​Podczas gdy większość państw członkowskich Unii Europejskiej korzystając z dobrej koniunktury gospodarczej poprawia swoją sytuację budżetową, Rumunia idzie w zupełnie w odwrotnym kierunku. We wtorek UE przyjmie kolejne rekomendacje dla Bukaresztu w sprawie zmniejszenia deficytu.

​Podczas gdy większość państw członkowskich Unii Europejskiej korzystając z dobrej koniunktury gospodarczej poprawia swoją sytuację budżetową, Rumunia idzie w zupełnie w odwrotnym kierunku. We wtorek UE przyjmie kolejne rekomendacje dla Bukaresztu w sprawie zmniejszenia deficytu.
Zdjęcie ilustracyjne /Jeff Blackler/Photoshot /PAP/EPA

Rząd Rumunii zwiększył przed wyborami w grudniu 2016 r. wydatki publiczne, chcąc zyskać przychylność i głosy obywateli. Po rozstrzygnięciu elekcji nowy socjalistyczny gabinet, aby pokazać swoją hojność, rozkręcił wydatki jeszcze mocniej.

Komisja Europejska wystosowała ostrzeżenie do tego kraju jeszcze w maju i zaproponowała państwom członkowskim przyjęcie zalecenia dotyczącego wprowadzenia odpowiednich działań w tym roku.

Rada UE stwierdziła, że w 2016 r. nastąpiło "znaczne odchylenie" od ustalonej dla Rumunii ścieżki budżetowej. Saldo strukturalne kraju pogorszyło się z poziomu minus 1 proc. PKB do minus 2,6 proc. PKB. Wskaźniki strukturalne (deficyt, czy saldo) pozwalają oszacować, jaka byłaby kondycja finansów publicznych, gdyby nie miały na nie wpływu cykle koniunkturalne. Odczyty dla Rumunii pokazują, że kraj ten jest w coraz gorszej sytuacji.
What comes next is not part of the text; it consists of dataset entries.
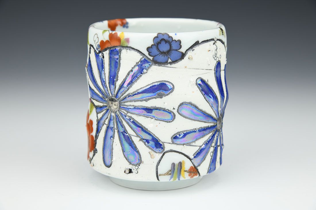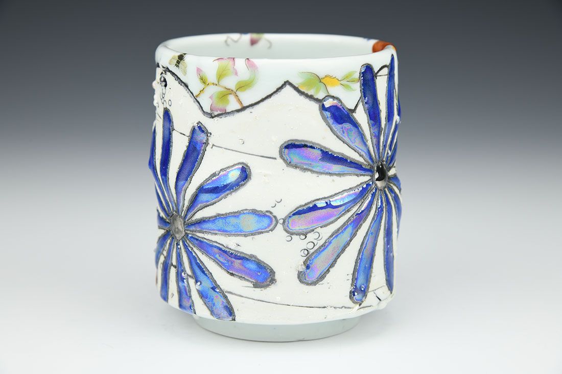 Porcelain with feldspar and molochite inclusions, wheel thrown, luster and decals, cone 10 reduction fired, multiple cone 017 firings, 3.75 x 3 x 3 inches.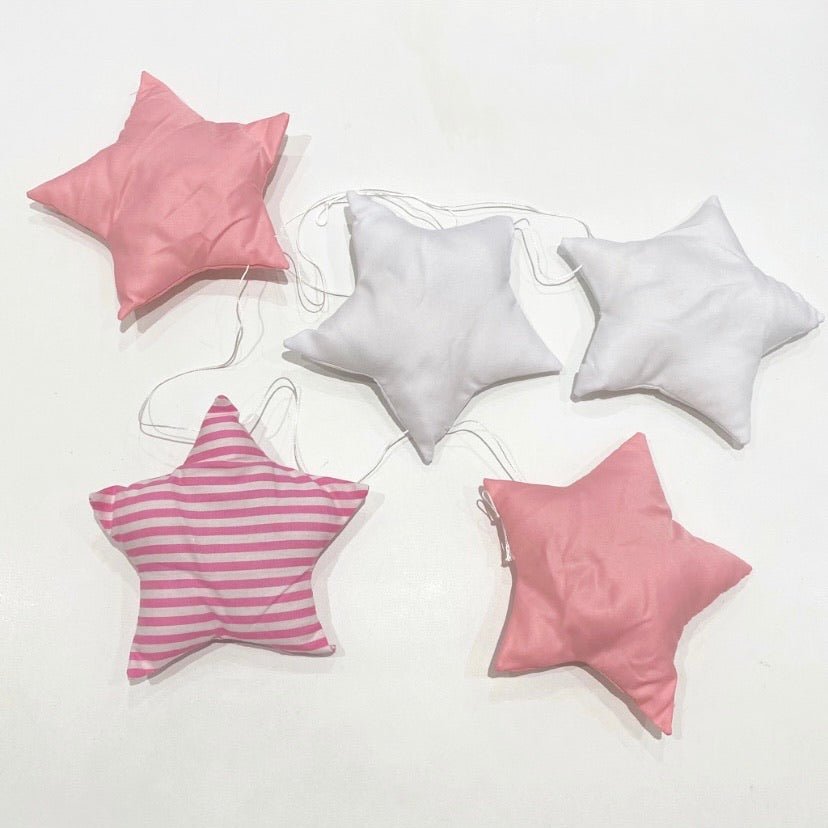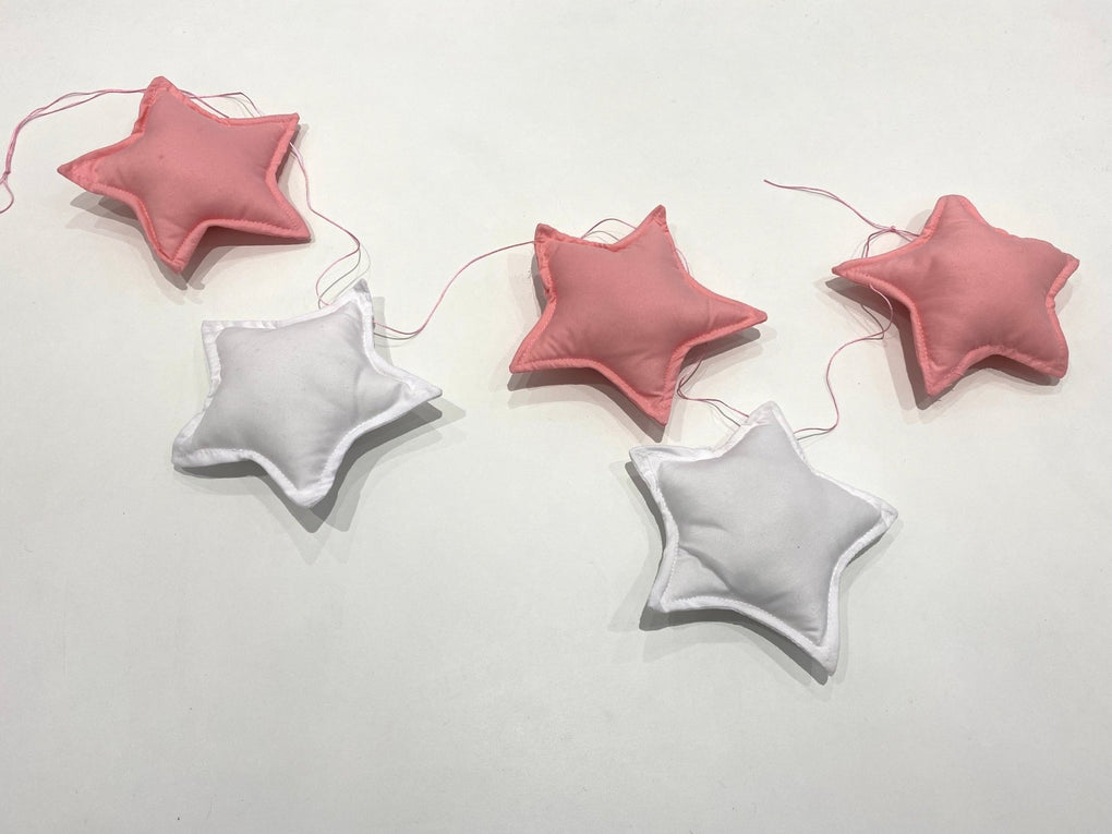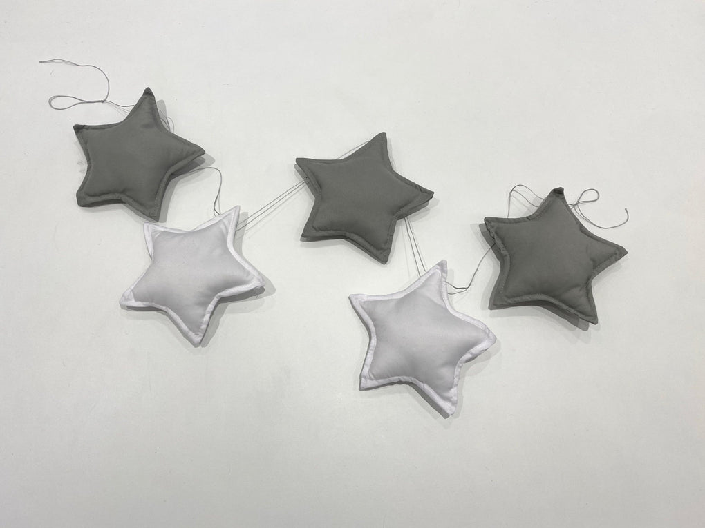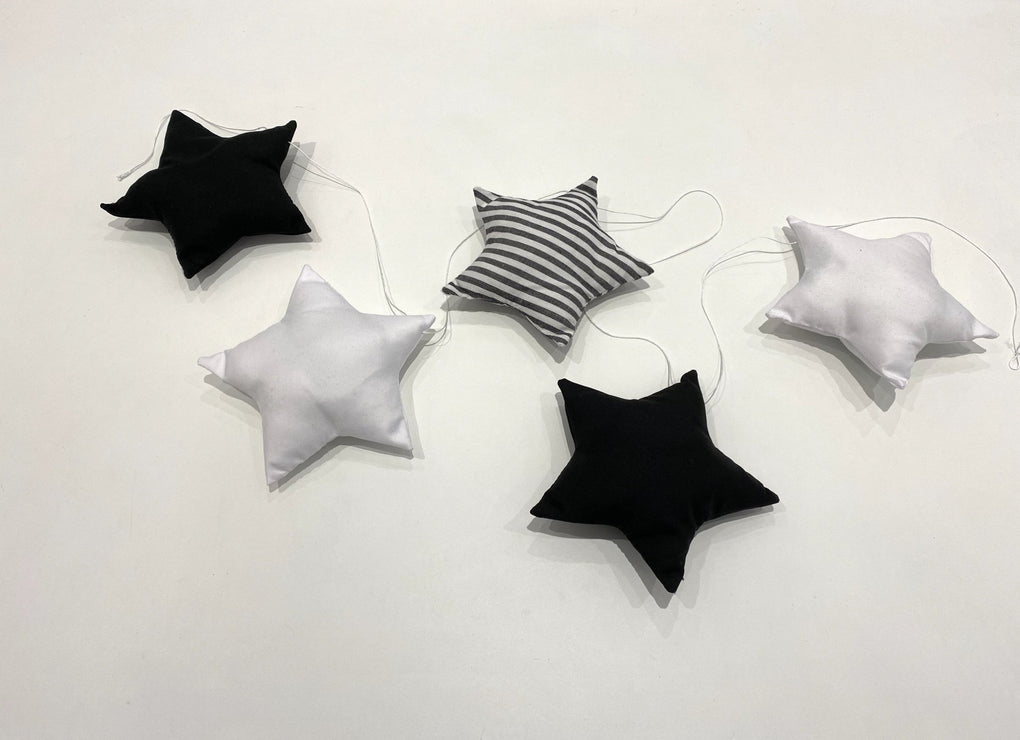 Description: 5 fabric stars measuring approximately 14cm H x 14cm W which can be moved along the thread to suit your décor style. The garland thread measures approximately 105cm long.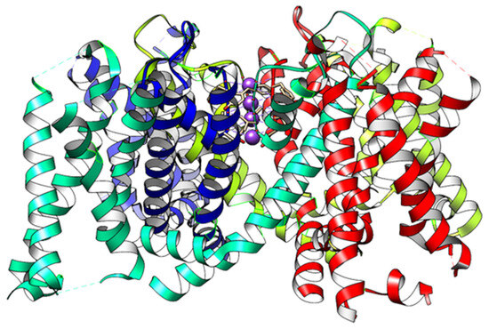 - Zhang, X.; Ren, W.; DeCaen, P.; Yan, C.; Tao, X.; Tang, L.; Wang, J.; Hasegawa, K.; Kumasaka, T.; He, J.; et al. Crystal structure of an orthologue of the NaChBac voltage-gated sodium channel. Nature 2012, 486, 130–134. [Google Scholar] [CrossRef] [PubMed]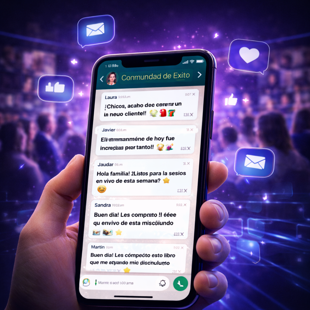 Acceso exclusivo a la Comunidad de WhatsApp para formar parte de un entorno de personas comprometidas con crecer, avanzar y desarrollar su máximo potencial.

Ministrowie finansów UE zdecydowali już w czerwcu, że Rumunia powinna dokonać korekty strukturalnej wynoszącej 0,5 proc., PKB (czyli: albo zmniejszyć wydatki, albo zwiększyć wpływy do budżetu, albo jedno i drugie, tak, by sytuacja się poprawiła). Władze w Bukareszcie zignorowały jednak te zalecenia.
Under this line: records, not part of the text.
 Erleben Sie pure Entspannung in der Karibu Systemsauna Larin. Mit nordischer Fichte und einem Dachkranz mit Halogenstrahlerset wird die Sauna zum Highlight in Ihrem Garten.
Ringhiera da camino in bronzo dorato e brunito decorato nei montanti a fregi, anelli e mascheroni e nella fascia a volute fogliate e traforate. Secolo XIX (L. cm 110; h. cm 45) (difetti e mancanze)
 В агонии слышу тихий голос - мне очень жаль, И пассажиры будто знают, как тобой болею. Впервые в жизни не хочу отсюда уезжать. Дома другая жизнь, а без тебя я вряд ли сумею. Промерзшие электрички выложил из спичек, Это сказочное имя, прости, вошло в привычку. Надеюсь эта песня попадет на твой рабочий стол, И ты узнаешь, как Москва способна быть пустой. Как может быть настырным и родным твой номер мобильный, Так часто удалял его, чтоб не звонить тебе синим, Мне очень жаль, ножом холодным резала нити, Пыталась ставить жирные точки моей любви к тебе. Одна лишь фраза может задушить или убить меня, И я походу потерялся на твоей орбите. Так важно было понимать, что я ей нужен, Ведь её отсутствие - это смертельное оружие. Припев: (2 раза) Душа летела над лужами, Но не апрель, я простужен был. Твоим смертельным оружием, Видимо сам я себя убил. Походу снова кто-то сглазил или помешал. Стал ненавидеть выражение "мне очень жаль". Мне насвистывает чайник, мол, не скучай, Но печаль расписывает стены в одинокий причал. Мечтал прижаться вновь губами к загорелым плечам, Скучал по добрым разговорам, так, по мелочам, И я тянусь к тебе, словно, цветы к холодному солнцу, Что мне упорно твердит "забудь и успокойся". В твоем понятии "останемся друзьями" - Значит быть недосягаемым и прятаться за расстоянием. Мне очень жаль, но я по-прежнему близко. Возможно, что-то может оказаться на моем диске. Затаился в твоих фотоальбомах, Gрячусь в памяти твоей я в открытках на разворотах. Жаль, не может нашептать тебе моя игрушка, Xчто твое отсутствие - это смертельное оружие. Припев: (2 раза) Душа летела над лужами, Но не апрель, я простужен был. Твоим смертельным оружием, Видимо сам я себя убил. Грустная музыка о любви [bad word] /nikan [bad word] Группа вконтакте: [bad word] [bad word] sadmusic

W przedłożonym w październiku do instytucji unijnych raporcie Bukareszt wskazał, że deficyt budżetowy w tym roku sięgnie 3 proc. PKB. Z prognozy gospodarczej Komisji Europejskiej wynika, że będzie jednak gorzej i deficyt wyniesie 3,3 proc. PKB. To konsekwencja tego, że saldo strukturalne zamiast poprawić się o 0,5 proc., w wyniku rozkręconych wydatków, pogorszy się o 1,1 proc.
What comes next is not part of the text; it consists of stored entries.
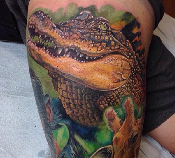 大腿部神灯纹身 鳄鱼纹身 骷髅纹身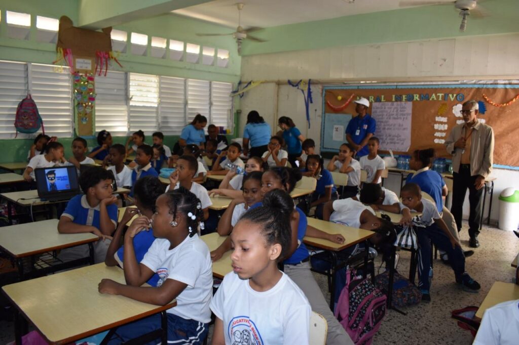 La charla educativa estuvo dirigida por Georgin Cuevas y otros representantes de Gestión Comercial de la CAASD, quienes orientaron a unos 35 estudiantes de cuarto, quinto y sexto grados de educación primaria sobre el uso racional del preciado líquido, cómo proteger los ríos y evitar su contaminación.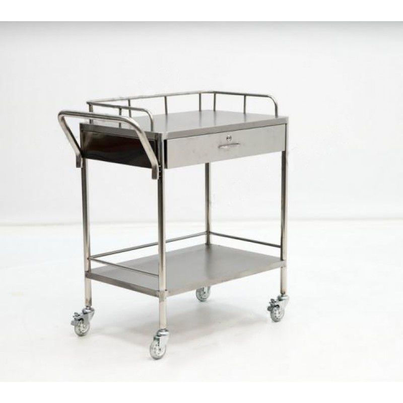 Тележка МЕТ ТN-100 (16042) BLQ 013 - манипуляционный столик из нержавеющей стали с выдвижным ящиком на телескопических направляющих, закрывающимся на замок, и двумя полками с трехсторонними сварными трубчатыми ограждениями. Выполненный целиком из нержавеющей стали, столик для врачебных манипуляций обеспечивает удобную дезинфекцию при максимально длительном сроке службы.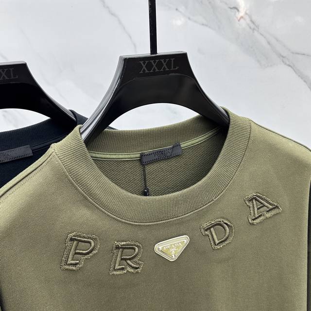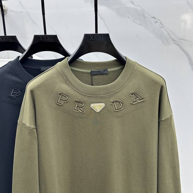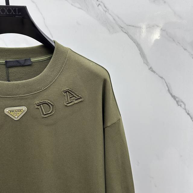 prada* Prada's new Fall/Winter 2025 collection, this logo-emblazoned crewneck sweatshirt is made from 420g cotton double-ply terry, custom-dyed in the same vat. It's shrink-resistant and fade-resistant, with a comfortable feel and exceptional quality. The logo is embroidered on the chest. A classic, slightly oversized silhouette is a must-have for both men and women. Available in Hei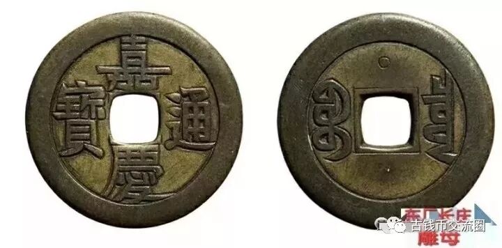 而嘉庆通宝普通品的庆字是少了那一横的,心下从“乆”。![]()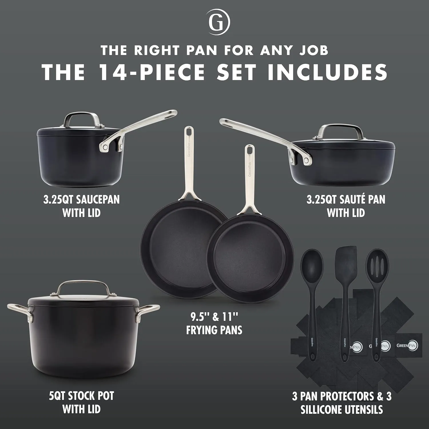 Набор керамической посуды GreenPan GP5, 14 предметов, черный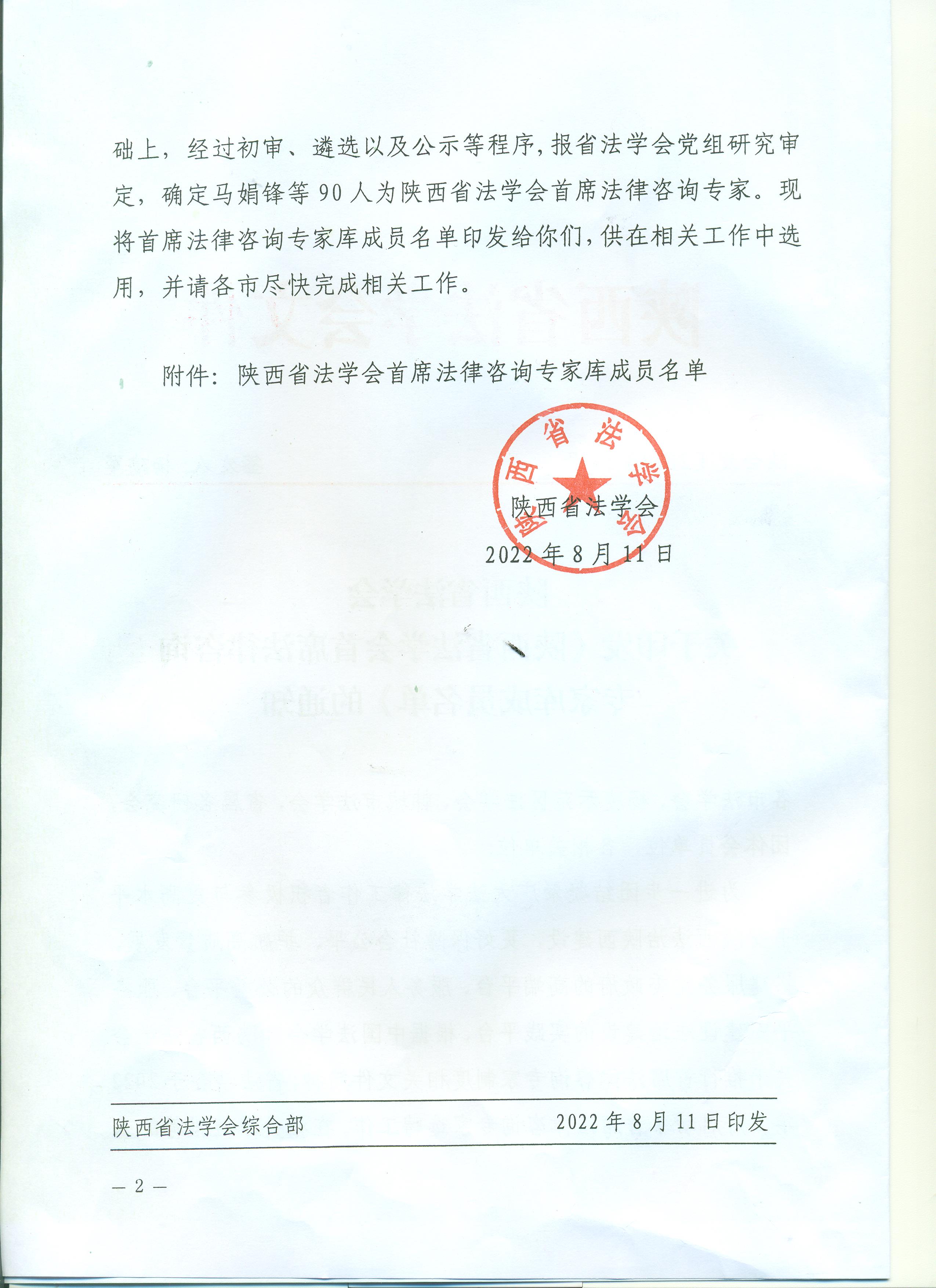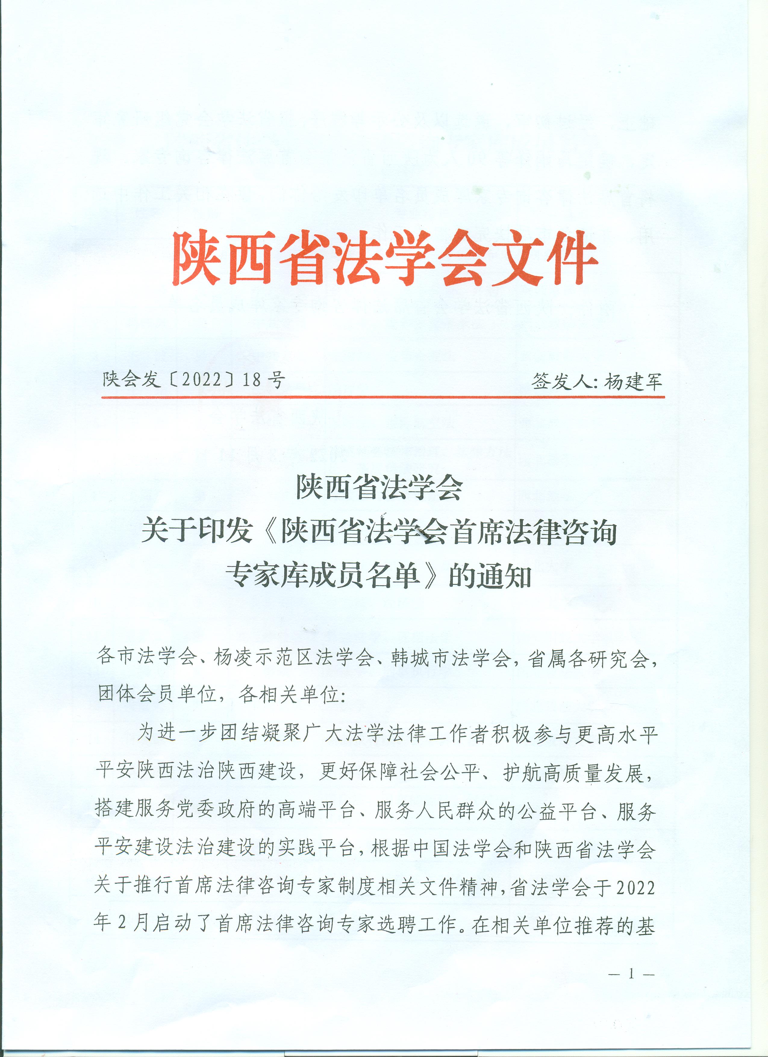 为进一步团结凝聚广大法学法律工作者积极参与更高水平平安陕西法治陕西建设,更好保障社会公平、护航高质量发展。根据中国法学会、陕西省法学会关于推行首席法律咨询专家制度相关文件精神,陕西省法学会选聘首批首席法律咨询专家库。在本次选聘工作中,我院王思锋教授、刘丹冰教授、王鸿貌教授、杨丽珍教授、张炜达教授、潘怀平教授、刘蕾教授,郑辉副教授、刘建仓副教授等9位老师被聘为陕西省法学会首席法律咨询专家。

22 października Komisja Europejska zaproponowała kolejne rekomendacje. Są one jeszcze bardziej wymagające niż te sprzed wakacji. Teraz Bukareszt ma zmniejszyć deficyt strukturalny o co najmniej 0,8 proc. PKB w przyszłym roku. We wtorek ministrowie finansów państw UE mają wezwać Rumunię do działań zapewniających taki efekt.